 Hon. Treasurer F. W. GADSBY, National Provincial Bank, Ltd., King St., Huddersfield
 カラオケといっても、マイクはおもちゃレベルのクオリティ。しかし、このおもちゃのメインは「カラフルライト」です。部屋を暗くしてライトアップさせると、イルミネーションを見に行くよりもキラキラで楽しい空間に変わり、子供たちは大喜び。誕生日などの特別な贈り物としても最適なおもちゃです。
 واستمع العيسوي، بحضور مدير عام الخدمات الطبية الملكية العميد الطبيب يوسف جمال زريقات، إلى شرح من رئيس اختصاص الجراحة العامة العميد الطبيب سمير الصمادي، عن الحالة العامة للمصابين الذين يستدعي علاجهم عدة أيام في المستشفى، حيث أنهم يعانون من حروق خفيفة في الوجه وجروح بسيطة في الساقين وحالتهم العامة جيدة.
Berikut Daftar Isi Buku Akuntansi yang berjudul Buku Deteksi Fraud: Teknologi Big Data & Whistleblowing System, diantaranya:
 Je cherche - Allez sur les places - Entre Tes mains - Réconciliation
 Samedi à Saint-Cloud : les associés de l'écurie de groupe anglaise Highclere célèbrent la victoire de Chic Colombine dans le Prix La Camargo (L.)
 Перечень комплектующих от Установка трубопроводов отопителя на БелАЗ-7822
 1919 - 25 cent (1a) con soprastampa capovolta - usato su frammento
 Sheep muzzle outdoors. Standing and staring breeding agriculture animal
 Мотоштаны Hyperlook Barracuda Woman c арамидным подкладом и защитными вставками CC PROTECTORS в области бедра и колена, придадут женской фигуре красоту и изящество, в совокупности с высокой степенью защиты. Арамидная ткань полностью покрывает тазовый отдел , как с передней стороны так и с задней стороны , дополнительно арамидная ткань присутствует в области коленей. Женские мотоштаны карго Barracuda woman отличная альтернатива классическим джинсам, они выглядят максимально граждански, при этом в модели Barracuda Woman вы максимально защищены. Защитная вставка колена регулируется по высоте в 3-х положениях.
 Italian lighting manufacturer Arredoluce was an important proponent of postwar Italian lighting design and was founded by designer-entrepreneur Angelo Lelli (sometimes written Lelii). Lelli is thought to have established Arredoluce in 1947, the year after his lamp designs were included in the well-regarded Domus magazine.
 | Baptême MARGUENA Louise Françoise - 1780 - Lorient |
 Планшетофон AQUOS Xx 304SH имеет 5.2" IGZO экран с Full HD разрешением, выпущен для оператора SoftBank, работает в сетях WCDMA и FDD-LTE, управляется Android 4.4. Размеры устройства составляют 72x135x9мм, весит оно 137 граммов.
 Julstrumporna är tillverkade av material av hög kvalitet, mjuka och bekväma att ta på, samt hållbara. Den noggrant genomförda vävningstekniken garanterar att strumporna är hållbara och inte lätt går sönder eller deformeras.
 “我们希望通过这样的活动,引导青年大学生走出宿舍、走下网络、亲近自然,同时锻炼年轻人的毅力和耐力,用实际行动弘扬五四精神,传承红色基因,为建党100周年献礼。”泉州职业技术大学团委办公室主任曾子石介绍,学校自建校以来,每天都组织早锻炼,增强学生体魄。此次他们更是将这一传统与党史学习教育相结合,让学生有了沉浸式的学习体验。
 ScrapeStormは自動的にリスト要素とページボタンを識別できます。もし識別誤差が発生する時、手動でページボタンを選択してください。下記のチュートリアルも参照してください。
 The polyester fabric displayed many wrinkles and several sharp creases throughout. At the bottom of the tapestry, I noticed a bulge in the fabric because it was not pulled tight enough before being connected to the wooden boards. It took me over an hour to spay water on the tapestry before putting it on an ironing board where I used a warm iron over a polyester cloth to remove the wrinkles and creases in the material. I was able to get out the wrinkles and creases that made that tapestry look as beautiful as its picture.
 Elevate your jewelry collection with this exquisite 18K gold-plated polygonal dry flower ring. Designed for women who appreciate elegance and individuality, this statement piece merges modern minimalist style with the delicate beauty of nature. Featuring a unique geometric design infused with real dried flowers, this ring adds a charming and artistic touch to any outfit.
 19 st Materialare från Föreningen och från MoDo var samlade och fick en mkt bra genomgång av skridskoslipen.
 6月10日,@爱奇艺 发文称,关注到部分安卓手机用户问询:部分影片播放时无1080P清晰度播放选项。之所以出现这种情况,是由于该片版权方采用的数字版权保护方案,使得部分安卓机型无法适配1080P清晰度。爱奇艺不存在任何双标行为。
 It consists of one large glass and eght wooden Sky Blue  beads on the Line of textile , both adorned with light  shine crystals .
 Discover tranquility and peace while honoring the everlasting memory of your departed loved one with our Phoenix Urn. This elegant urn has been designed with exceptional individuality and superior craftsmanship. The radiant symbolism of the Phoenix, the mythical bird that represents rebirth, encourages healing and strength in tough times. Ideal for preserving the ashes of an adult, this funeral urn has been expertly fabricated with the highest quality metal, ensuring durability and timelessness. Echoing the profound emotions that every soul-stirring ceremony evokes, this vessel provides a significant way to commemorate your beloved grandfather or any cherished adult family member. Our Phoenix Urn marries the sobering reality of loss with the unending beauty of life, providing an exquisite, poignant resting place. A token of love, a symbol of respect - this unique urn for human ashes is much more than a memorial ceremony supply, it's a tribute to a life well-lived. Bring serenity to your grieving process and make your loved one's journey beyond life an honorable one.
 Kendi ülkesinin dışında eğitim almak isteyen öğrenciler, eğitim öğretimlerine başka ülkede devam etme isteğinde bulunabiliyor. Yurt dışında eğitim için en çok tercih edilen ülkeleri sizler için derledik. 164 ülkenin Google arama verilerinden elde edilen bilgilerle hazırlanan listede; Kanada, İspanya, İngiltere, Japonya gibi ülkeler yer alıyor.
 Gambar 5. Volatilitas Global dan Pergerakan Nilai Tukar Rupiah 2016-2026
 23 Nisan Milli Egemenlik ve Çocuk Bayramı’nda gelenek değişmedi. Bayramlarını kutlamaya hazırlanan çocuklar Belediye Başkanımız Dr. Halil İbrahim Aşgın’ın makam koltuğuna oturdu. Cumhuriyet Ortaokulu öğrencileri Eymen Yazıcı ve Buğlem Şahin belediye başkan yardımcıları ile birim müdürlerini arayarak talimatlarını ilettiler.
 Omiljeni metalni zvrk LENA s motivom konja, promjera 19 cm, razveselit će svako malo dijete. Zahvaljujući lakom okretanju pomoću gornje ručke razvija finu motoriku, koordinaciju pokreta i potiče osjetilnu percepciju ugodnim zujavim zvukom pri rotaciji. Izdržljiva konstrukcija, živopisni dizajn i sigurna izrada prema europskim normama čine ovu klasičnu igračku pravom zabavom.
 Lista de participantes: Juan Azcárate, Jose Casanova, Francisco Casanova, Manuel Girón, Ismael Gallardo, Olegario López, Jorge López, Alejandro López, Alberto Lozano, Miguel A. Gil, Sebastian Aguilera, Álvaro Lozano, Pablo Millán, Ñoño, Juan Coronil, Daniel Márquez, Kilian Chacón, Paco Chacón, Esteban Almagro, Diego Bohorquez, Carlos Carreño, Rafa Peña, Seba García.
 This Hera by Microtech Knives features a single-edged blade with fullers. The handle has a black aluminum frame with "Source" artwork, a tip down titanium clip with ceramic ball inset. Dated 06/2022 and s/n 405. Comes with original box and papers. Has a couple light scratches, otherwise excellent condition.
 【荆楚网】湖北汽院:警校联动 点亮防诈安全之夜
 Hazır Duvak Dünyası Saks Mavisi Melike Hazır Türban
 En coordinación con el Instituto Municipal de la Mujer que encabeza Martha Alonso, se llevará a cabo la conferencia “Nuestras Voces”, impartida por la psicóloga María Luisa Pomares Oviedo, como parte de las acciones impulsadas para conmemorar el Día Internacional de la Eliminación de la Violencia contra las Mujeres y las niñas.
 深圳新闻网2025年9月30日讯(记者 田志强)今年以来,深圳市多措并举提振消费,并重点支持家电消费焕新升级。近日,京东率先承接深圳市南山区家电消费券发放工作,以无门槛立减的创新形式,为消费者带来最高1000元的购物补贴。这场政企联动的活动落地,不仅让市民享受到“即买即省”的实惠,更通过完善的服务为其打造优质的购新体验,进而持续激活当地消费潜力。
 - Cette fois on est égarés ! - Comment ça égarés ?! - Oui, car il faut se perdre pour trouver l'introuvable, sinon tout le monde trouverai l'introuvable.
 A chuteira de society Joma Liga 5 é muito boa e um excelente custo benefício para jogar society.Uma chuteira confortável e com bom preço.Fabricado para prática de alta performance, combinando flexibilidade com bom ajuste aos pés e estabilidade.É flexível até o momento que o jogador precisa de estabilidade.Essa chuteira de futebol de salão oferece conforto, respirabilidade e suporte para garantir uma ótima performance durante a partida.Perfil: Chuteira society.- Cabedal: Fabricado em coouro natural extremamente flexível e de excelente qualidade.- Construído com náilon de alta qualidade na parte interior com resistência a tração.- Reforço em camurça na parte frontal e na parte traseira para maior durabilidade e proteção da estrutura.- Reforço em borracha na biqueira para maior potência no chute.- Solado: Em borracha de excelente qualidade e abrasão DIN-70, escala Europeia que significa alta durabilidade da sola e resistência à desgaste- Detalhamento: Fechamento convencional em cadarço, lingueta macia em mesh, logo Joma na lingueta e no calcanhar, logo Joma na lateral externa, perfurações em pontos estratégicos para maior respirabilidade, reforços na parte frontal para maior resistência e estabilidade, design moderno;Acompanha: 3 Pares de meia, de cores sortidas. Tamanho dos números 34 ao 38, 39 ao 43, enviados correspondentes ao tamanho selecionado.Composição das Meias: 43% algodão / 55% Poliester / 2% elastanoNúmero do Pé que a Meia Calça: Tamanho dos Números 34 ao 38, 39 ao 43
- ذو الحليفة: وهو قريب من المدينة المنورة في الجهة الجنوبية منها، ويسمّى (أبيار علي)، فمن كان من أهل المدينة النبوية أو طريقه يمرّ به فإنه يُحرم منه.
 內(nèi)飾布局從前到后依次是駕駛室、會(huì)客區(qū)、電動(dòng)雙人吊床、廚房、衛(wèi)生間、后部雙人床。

==============================

# Action item
In the listing above, find the line with "深圳新闻网2025年9月30" and the line with "- Cette fois", then reproduce both and every line between them exactly.

# Written solution
 深圳新闻网2025年9月30日讯(记者 田志强)今年以来,深圳市多措并举提振消费,并重点支持家电消费焕新升级。近日,京东率先承接深圳市南山区家电消费券发放工作,以无门槛立减的创新形式,为消费者带来最高1000元的购物补贴。这场政企联动的活动落地,不仅让市民享受到“即买即省”的实惠,更通过完善的服务为其打造优质的购新体验,进而持续激活当地消费潜力。
 - Cette fois on est égarés ! - Comment ça égarés ?! - Oui, car il faut se perdre pour trouver l'introuvable, sinon tout le monde trouverai l'introuvable.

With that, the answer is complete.